Copy out lines with the word "Fall" from the material that follows.

### DATA TO EXAMINE:
——
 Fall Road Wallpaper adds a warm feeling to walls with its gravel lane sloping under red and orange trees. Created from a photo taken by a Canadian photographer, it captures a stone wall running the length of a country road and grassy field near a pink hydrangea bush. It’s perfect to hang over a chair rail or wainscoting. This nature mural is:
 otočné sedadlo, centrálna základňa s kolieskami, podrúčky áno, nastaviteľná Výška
——
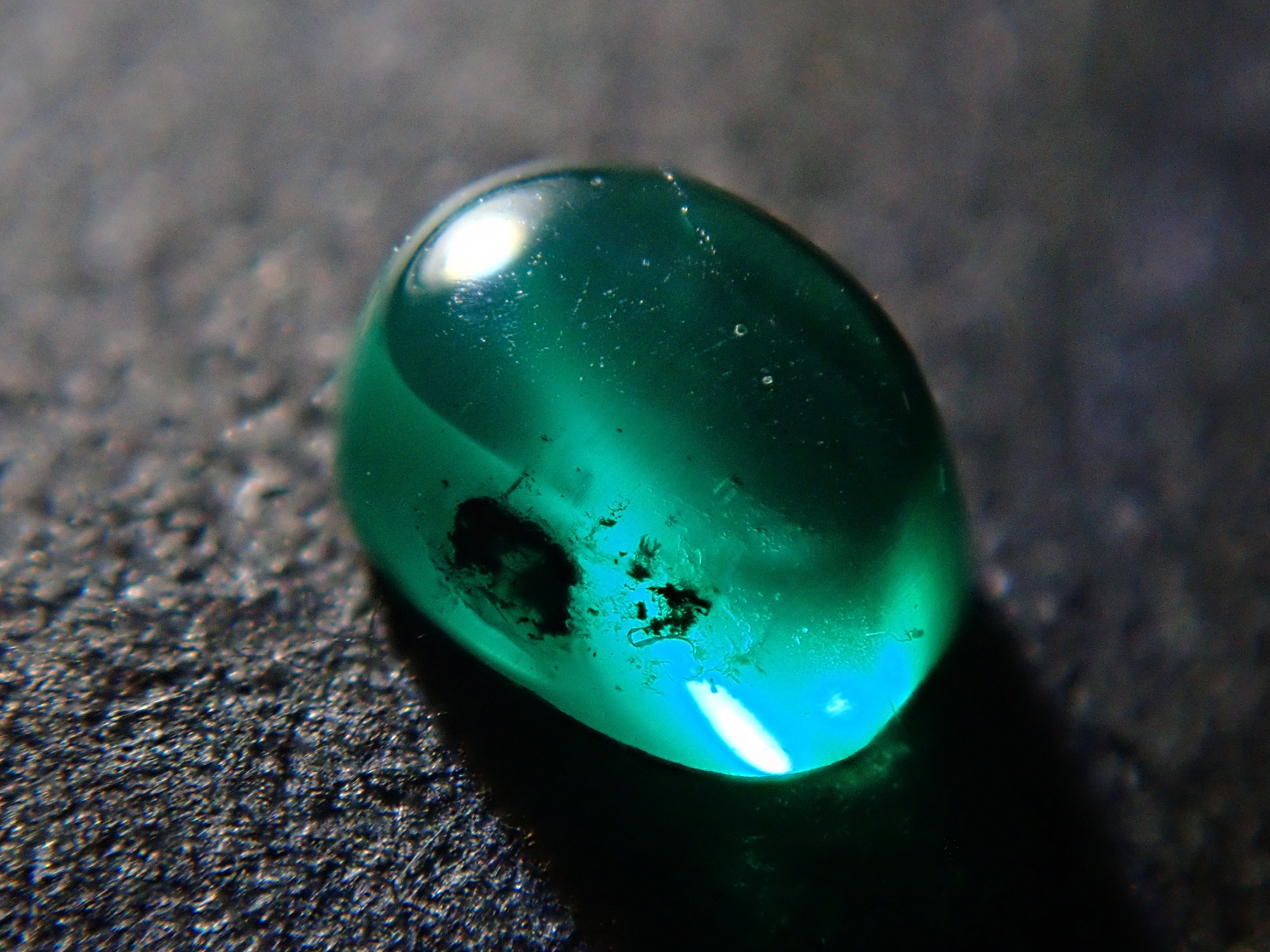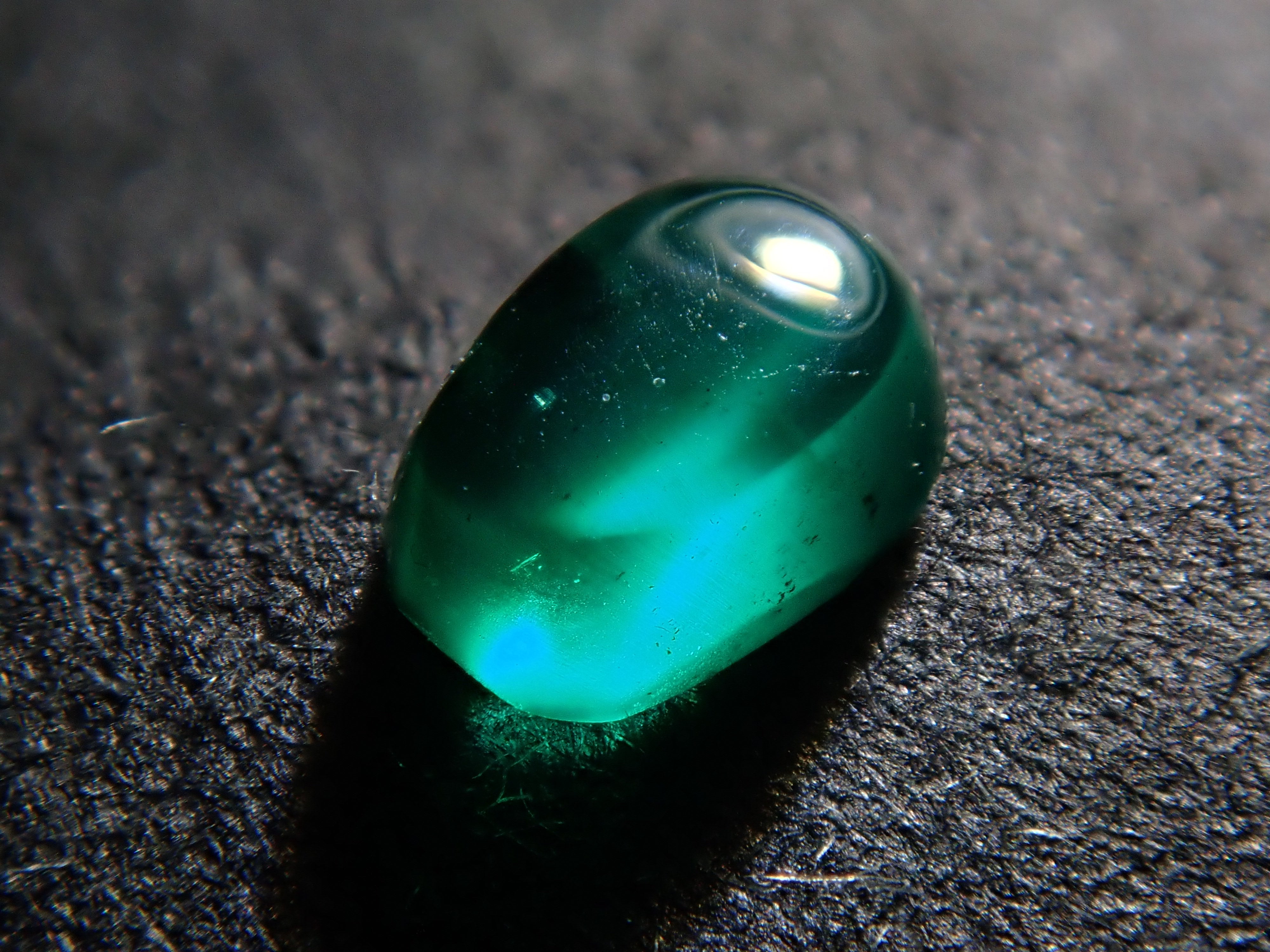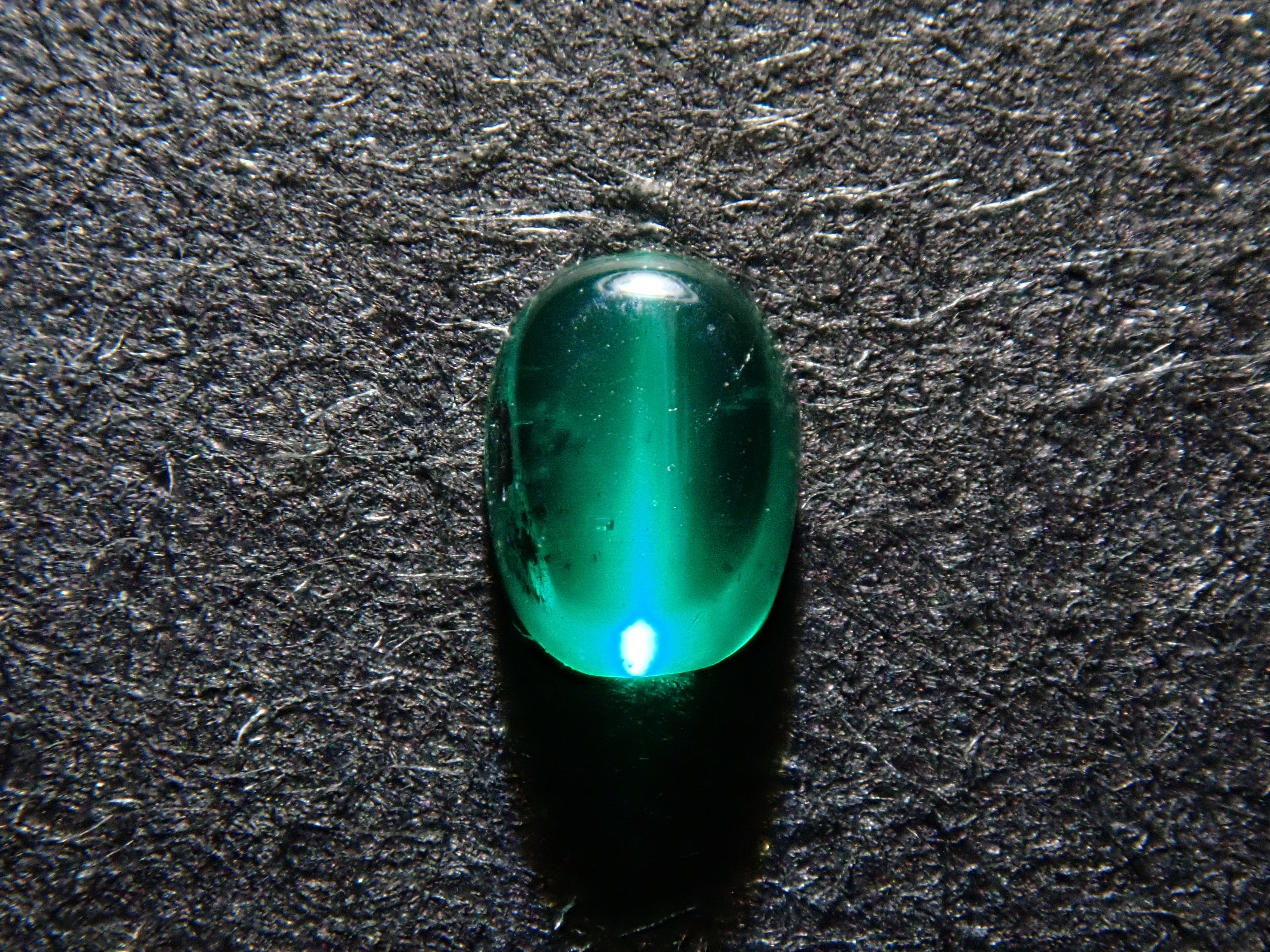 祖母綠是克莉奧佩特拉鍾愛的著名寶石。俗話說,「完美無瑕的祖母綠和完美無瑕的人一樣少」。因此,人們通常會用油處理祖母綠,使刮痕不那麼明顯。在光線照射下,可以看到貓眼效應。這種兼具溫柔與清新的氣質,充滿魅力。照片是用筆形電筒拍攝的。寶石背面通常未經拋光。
——
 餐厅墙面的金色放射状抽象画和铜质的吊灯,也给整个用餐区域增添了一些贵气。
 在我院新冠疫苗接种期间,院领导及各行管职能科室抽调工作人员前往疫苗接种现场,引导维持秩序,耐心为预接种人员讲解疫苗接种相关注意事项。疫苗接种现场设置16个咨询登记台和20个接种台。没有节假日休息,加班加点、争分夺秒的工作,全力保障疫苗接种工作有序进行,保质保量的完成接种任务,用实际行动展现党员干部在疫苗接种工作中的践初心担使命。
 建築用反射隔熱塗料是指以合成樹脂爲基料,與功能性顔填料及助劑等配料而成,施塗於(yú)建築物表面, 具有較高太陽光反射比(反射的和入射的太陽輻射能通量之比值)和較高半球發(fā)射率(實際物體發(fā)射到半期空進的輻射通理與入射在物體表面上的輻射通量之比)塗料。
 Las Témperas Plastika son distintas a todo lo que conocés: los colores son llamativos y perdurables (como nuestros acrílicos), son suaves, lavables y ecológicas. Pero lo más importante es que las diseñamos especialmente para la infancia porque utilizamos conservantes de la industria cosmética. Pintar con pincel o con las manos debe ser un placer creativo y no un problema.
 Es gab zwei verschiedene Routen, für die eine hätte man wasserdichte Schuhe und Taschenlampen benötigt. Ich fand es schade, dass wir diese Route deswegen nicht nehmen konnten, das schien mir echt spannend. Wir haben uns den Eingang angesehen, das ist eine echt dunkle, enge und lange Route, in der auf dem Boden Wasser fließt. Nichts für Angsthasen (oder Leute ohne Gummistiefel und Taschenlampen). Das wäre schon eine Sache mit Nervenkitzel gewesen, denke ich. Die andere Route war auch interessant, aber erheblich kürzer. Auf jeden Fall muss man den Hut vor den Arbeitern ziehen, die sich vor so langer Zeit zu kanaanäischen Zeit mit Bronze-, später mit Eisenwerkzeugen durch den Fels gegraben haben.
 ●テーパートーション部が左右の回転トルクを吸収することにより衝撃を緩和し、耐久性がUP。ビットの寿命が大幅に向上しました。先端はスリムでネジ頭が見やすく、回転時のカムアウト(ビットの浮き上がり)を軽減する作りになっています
——
### PROBLEM SOLUTION:
 Fall Road Wallpaper adds a warm feeling to walls with its gravel lane sloping under red and orange trees. Created from a photo taken by a Canadian photographer, it captures a stone wall running the length of a country road and grassy field near a pink hydrangea bush. It’s perfect to hang over a chair rail or wainscoting. This nature mural is:
 Es gab zwei verschiedene Routen, für die eine hätte man wasserdichte Schuhe und Taschenlampen benötigt. Ich fand es schade, dass wir diese Route deswegen nicht nehmen konnten, das schien mir echt spannend. Wir haben uns den Eingang angesehen, das ist eine echt dunkle, enge und lange Route, in der auf dem Boden Wasser fließt. Nichts für Angsthasen (oder Leute ohne Gummistiefel und Taschenlampen). Das wäre schon eine Sache mit Nervenkitzel gewesen, denke ich. Die andere Route war auch interessant, aber erheblich kürzer. Auf jeden Fall muss man den Hut vor den Arbeitern ziehen, die sich vor so langer Zeit zu kanaanäischen Zeit mit Bronze-, später mit Eisenwerkzeugen durch den Fels gegraben haben.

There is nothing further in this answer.